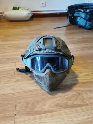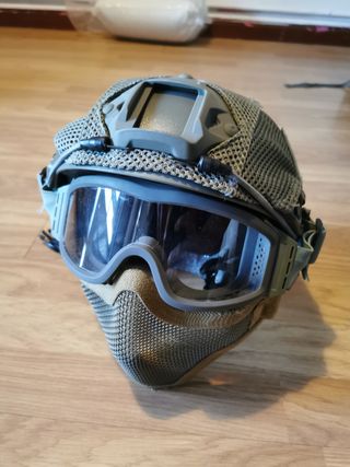 Vendo conjunto completo de protección para airsoft: casco tipo FAST + gafas + máscara de rejilla, todo en muy buen estado (usado solo 1 partida). ✅ Incluye: - Casco tipo FAST (estilo táctico) con funda/cubre-casco y velcros para parches. Lleva rails laterales y soporte frontal para accesorios. - Pouch/porta-batería (ideal para GoPro/batería/contrapeso). - Gafas tácticas (las de la foto) adaptadas para llevar con el casco y con sistema de liberación rápida (quick release). - Máscara de rejilla (protección facial) adaptada para anclar al casco con quick release. 🧵 Estado: prácticamente nuevo, sin roturas ni desperfectos (ver fotos).
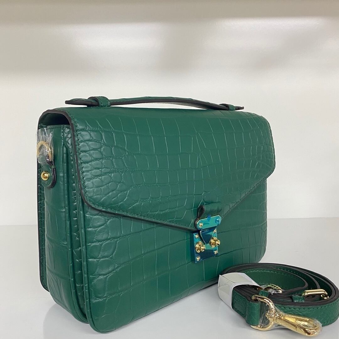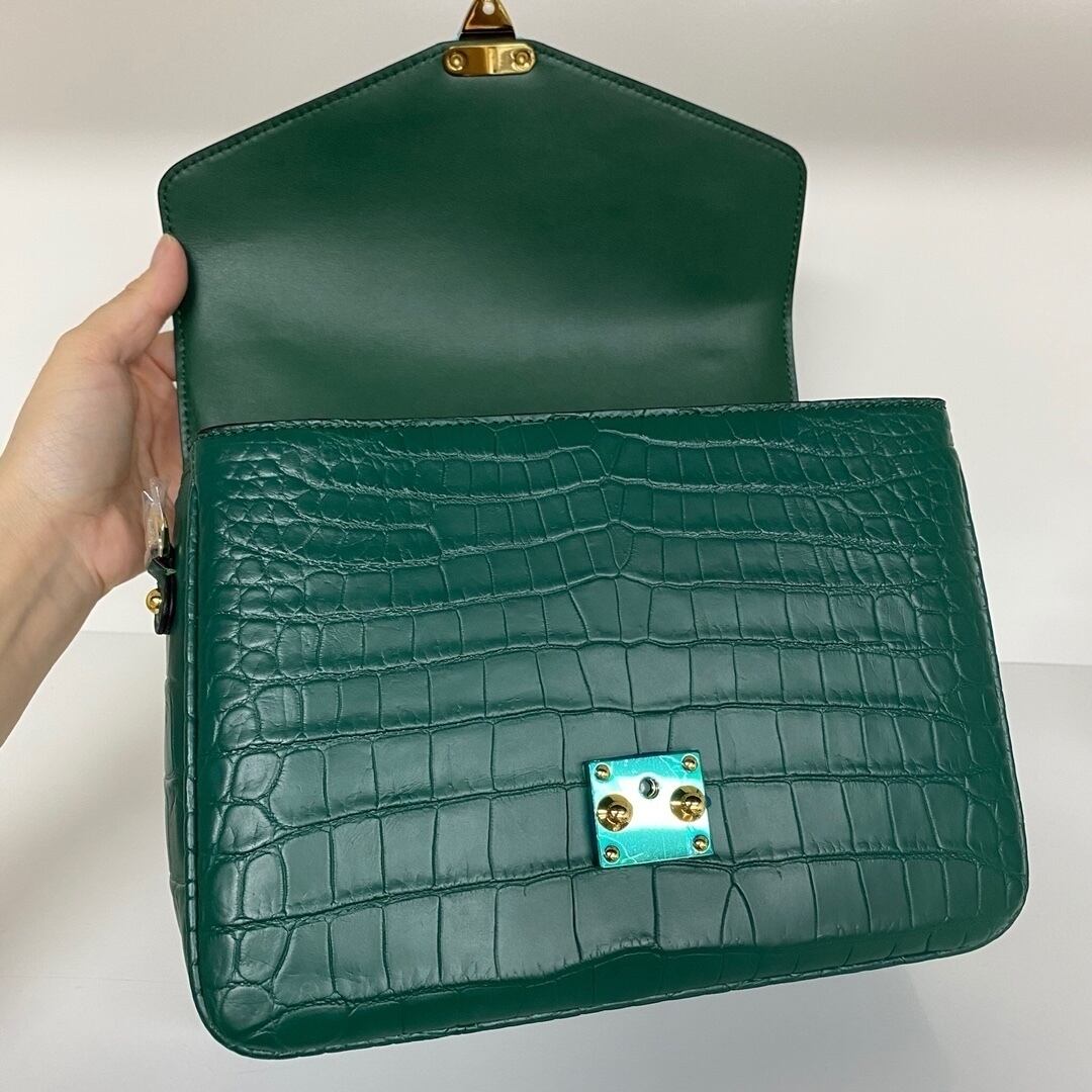 希少品 マット仕上げ クロコダイル ワニ革本物 レディースバッグ センター取り ショルダー/ハンドバッグ 手提げ 肩掛け グリーン
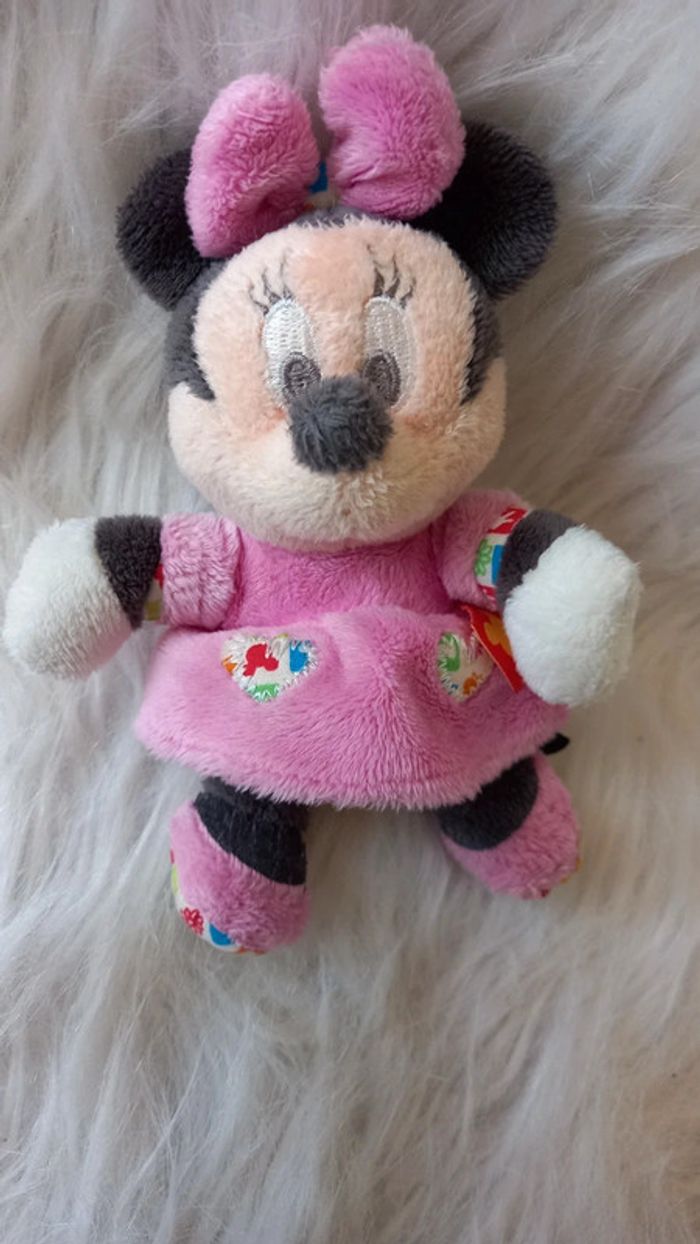 Doudou petite peluche Minnie Vêtue d une robe en velour de couleur rose assorti à son nœud sur la tête
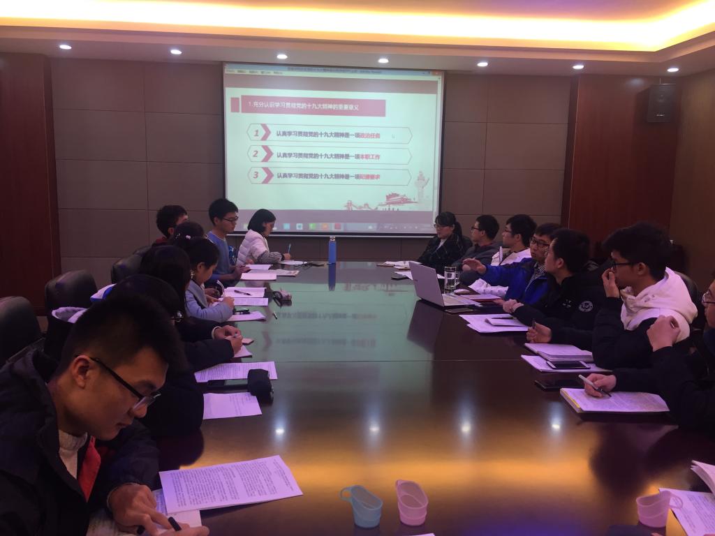 中国共产党第十九次全国代表大会于2017年10月18日至24日在北京隆重召开,这是包括广大青年学生在内的全党全国各族人民共同关注的一件大事,为深入学习贯彻党的十九大精神,我院深入开展了系列学习实践活动。2017年11月,我院党委书记董浩斌、副院长曹卫华、副院长金星、副院长陈鑫、党委副书记何建新、团委书记谭文伦及办公室组织人事秘书孔娟参加学生党支部支部会议,带领学生党员学习党的十九大精神。
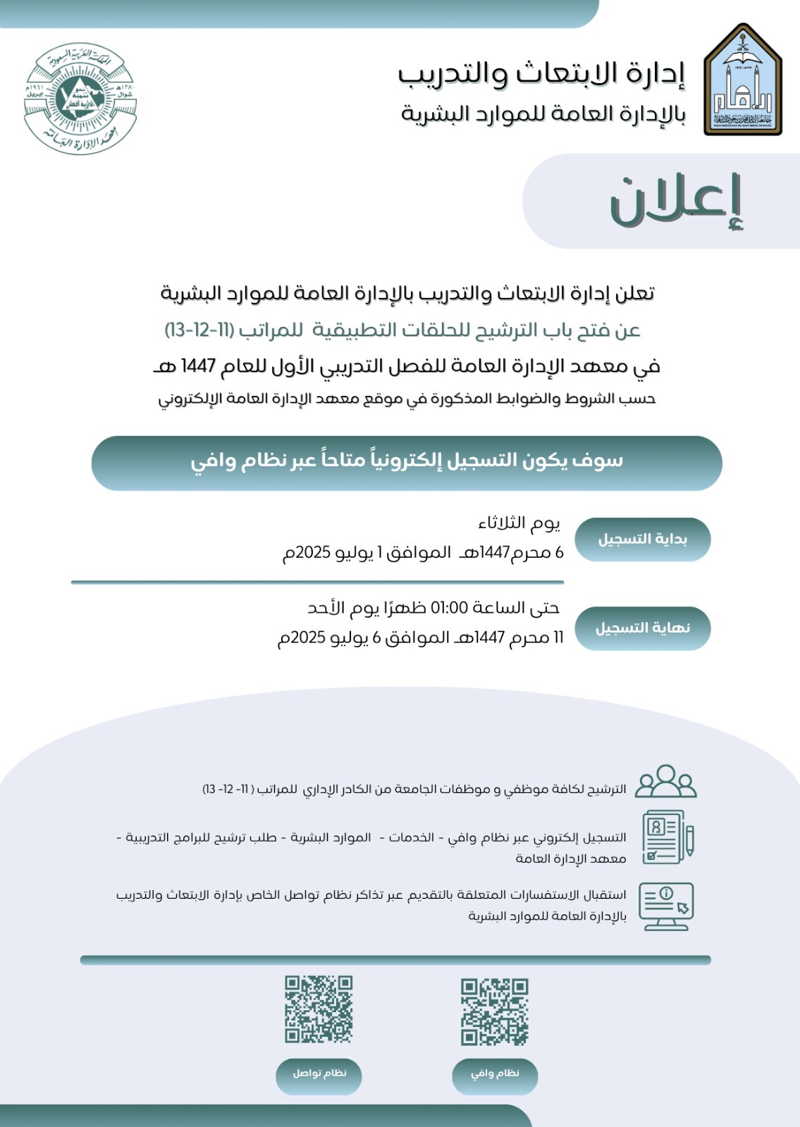 فتح باب الترشيح للحلقات التطبيقية للعام 1447 هـ للمراتب (11-12-13)

#### What is required:
Print the whole listing above exactly, and keep every picture out of the copy.

#### Task output:
 Vendo conjunto completo de protección para airsoft: casco tipo FAST + gafas + máscara de rejilla, todo en muy buen estado (usado solo 1 partida). ✅ Incluye: - Casco tipo FAST (estilo táctico) con funda/cubre-casco y velcros para parches. Lleva rails laterales y soporte frontal para accesorios. - Pouch/porta-batería (ideal para GoPro/batería/contrapeso). - Gafas tácticas (las de la foto) adaptadas para llevar con el casco y con sistema de liberación rápida (quick release). - Máscara de rejilla (protección facial) adaptada para anclar al casco con quick release. 🧵 Estado: prácticamente nuevo, sin roturas ni desperfectos (ver fotos).
 希少品 マット仕上げ クロコダイル ワニ革本物 レディースバッグ センター取り ショルダー/ハンドバッグ 手提げ 肩掛け グリーン
 Doudou petite peluche Minnie Vêtue d une robe en velour de couleur rose assorti à son nœud sur la tête
 中国共产党第十九次全国代表大会于2017年10月18日至24日在北京隆重召开,这是包括广大青年学生在内的全党全国各族人民共同关注的一件大事,为深入学习贯彻党的十九大精神,我院深入开展了系列学习实践活动。2017年11月,我院党委书记董浩斌、副院长曹卫华、副院长金星、副院长陈鑫、党委副书记何建新、团委书记谭文伦及办公室组织人事秘书孔娟参加学生党支部支部会议,带领学生党员学习党的十九大精神。
 فتح باب الترشيح للحلقات التطبيقية للعام 1447 هـ للمراتب (11-12-13)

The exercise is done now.